Sammlung der Entscheidungen des Schweizerischen Bundesgerichts
Collection des arrêts du Tribunal fédéral suisse
Raccolta delle decisioni del Tribunale federale svizzero

BGE 87 I 134



87 I 134

22. Arrêt du 17 mai 1961 dans la cause Ktir contre Ministère public
fédéral. Regeste

    Vertrag zwischen der Schweiz und Frankreich über gegenseitige
Auslieferung von Verbrechern, vom 9. Juli 1869; BG betreffend die
Auslieferung gegenüber dem Ausland, vom 22. Januar 1892 (AuslG.)

    1.  Anwendung des AuslG beim Bestehen eines Auslieferungsvertrages
(Erw. 1).

    2.  Überprüfungsbefugnis des Bundesgerichts in Auslieferungssachen
(Erw. 2 Abs. 2).

    3.  Begriffe des sog. relativ-politischen Delikts und des reinen
Militärvergehens (Erw. 2).

    4.  Auslieferung an Frankreich wegen eines Verbrechens, das nach
französischem Recht mit dem Tode bestraft wird (Erw. 3).

Sachverhalt

    A.- Le 16 décembre 1960, Belkacem Ktir, ressortissant français
d'Algérie, fut arrêté près de Genève, alors qu'il venait de franchir
clandestinement la frontière francosuisse. Le lendemain, la police
genevoise reçut un télégramme du Parquet du Tribunal de Grande instance
d'Annecy, demandant que Ktir, inculpé par les autorités françaises
d'avoir assassiné un Algérien du nom de Mezai, fût maintenu en état
d'arrestation provisoire; le télégramme annonçait qu'une requête
d'extradition régulière suivrait par voie diplomatique. Le même jour,
Ktir fut entendu et déclara qu'agissant en sa qualité de membre du Front
algérien de libération nationale (FLN), il avait participé, sur ordre de
ses supérieurs, à l'homicide de Mezai, qui, précisa-t-il, s'était déroulé
dans les circonstances suivantes:

    Mezai, membre du FLN, avait été arrêté par les autorités françaises,
puis relâché. Ses chefs l'avaient soupçonné de trahison et avaient décidé
de le "supprimer". Ils en chargèrent Ktir et trois autres Algériens. Le
soir du 14 novembre 1960, Ktir alla chercher Mezai chez lui, à Annecy, sous
prétexte d'une rencontre avec des responsables du FLN. Il le fit monter
dans une voiture où attendaient trois autres Algériens. Ktir s'assit à côté
du chauffeur, Mezai derrière entre les deux autres passagers. A un moment
donné, la voiture s'étant arrêtée hors de ville dans un endroit écarté, ces
derniers passèrent une cordelette autour du cou de Mezai et l'étranglèrent.

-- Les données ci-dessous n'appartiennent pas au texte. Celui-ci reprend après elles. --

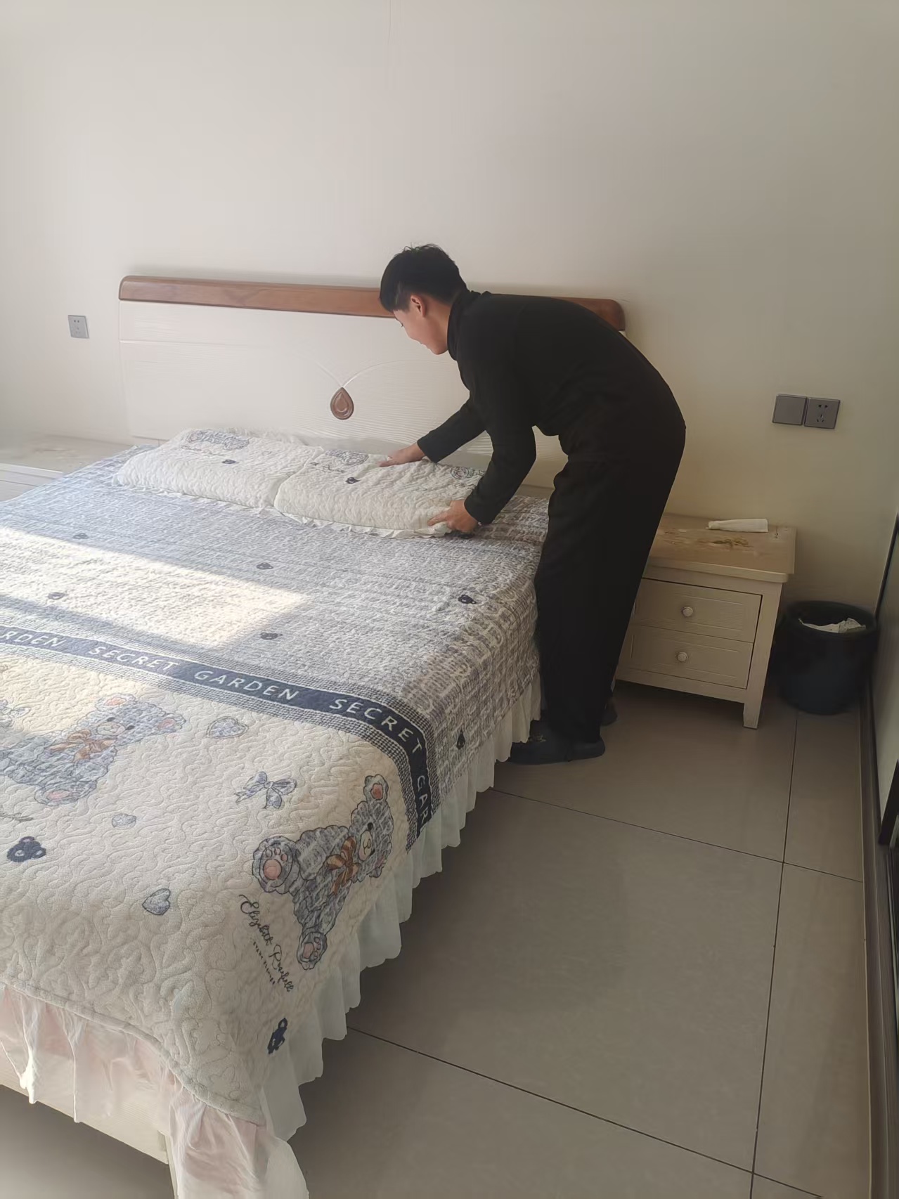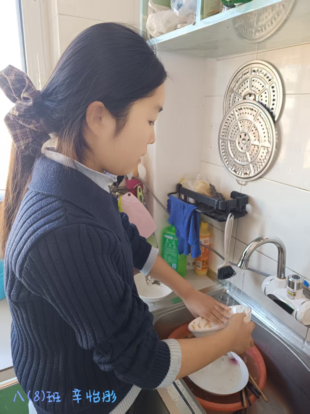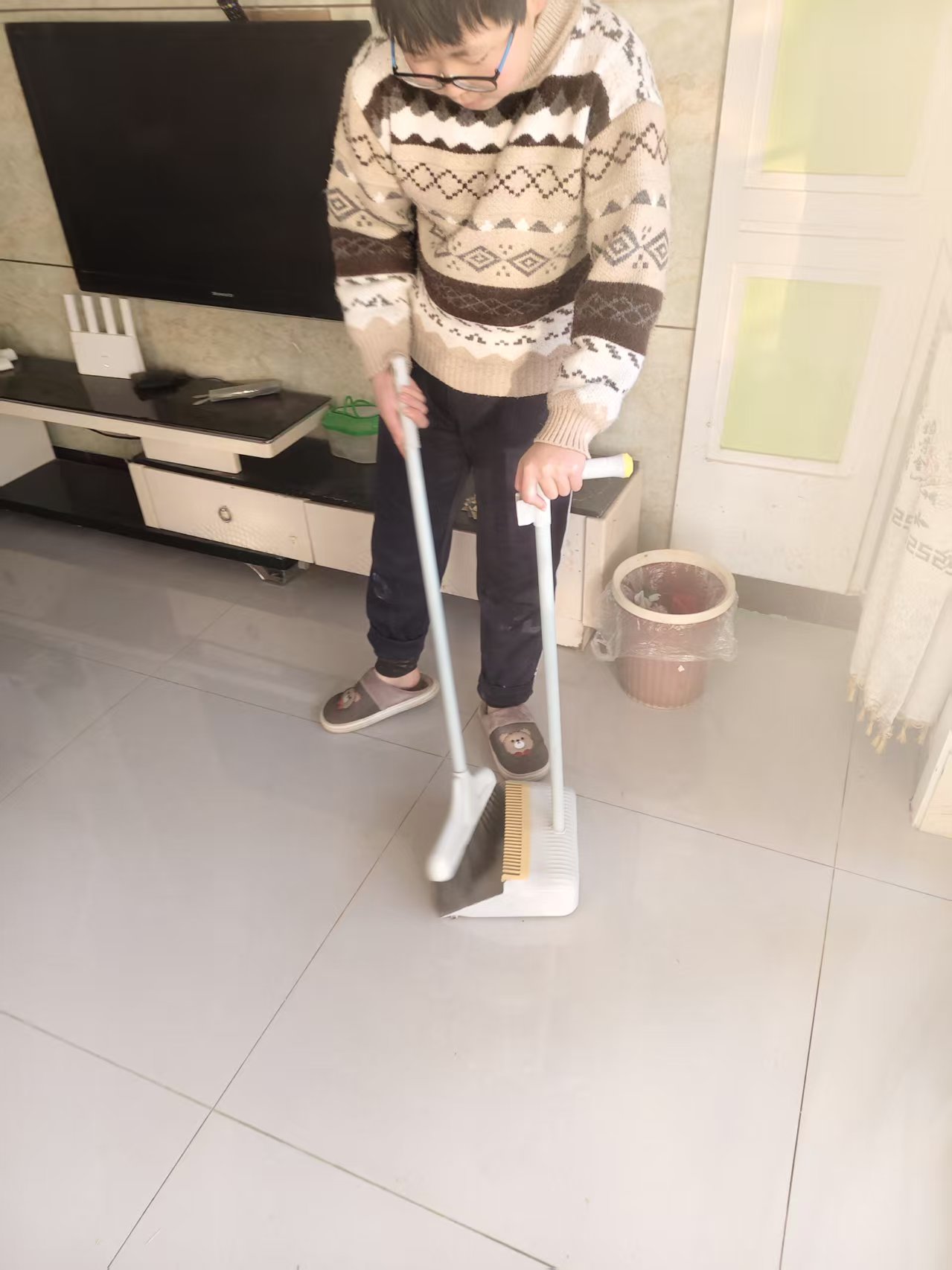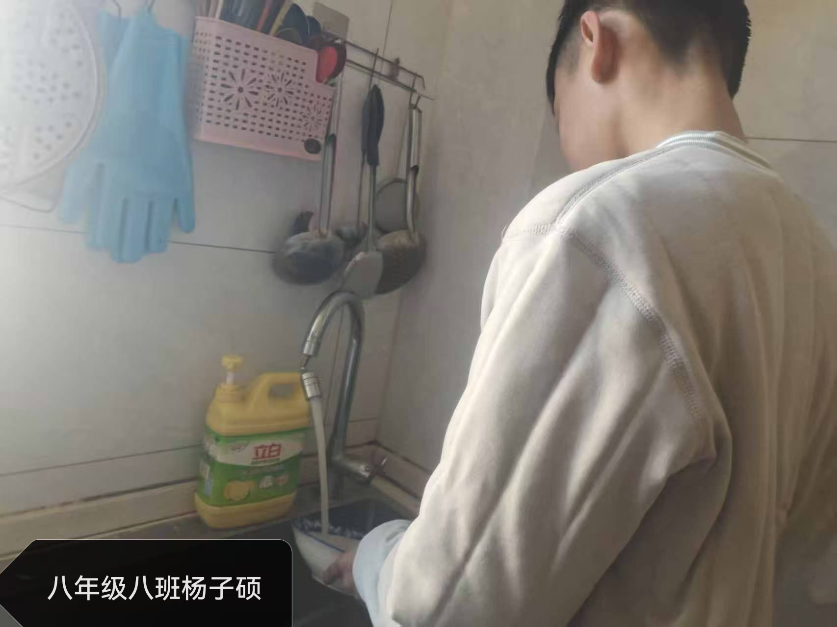 志愿者根据社区工作人员安排,对社区内的楼梯楼道等公共区域进行卫生清洁,在家进行力所能及的居家卫生清洁活动。

    B.- Le 3 janvier 1961, l'Ambassade de France à Berne remit au
Département fédéral de justice et police la demande d'extradition qui avait
été annoncée dans le télégramme du 17 décembre 1961. Ktir fut réentendu et
confirma ses déclarations. Il s'opposa à son extradition. Il fit valoir
que, la France étant en guerre avec le FLN, il avait, en participant à
l'homicide de Mezai, aidé à mettre à mort un ennemi dans le cadre d'une
guerre; il ajouta que, s'il était extradé, il serait en fait livré à
son ennemi. Pour le cas où l'extradition serait inévitable, il demanda
qu'elle fût subordonnée à la condition qu'en vertu du principe de la loi
la plus douce, la peine de mort ne fût pas applicable.

    C.- Le Département fédéral de justice et police a saisi le Tribunal
fédéral de la cause. Le Ministère public fédéral propose d'écarter
l'opposition de Ktir et d'accorder son extradition.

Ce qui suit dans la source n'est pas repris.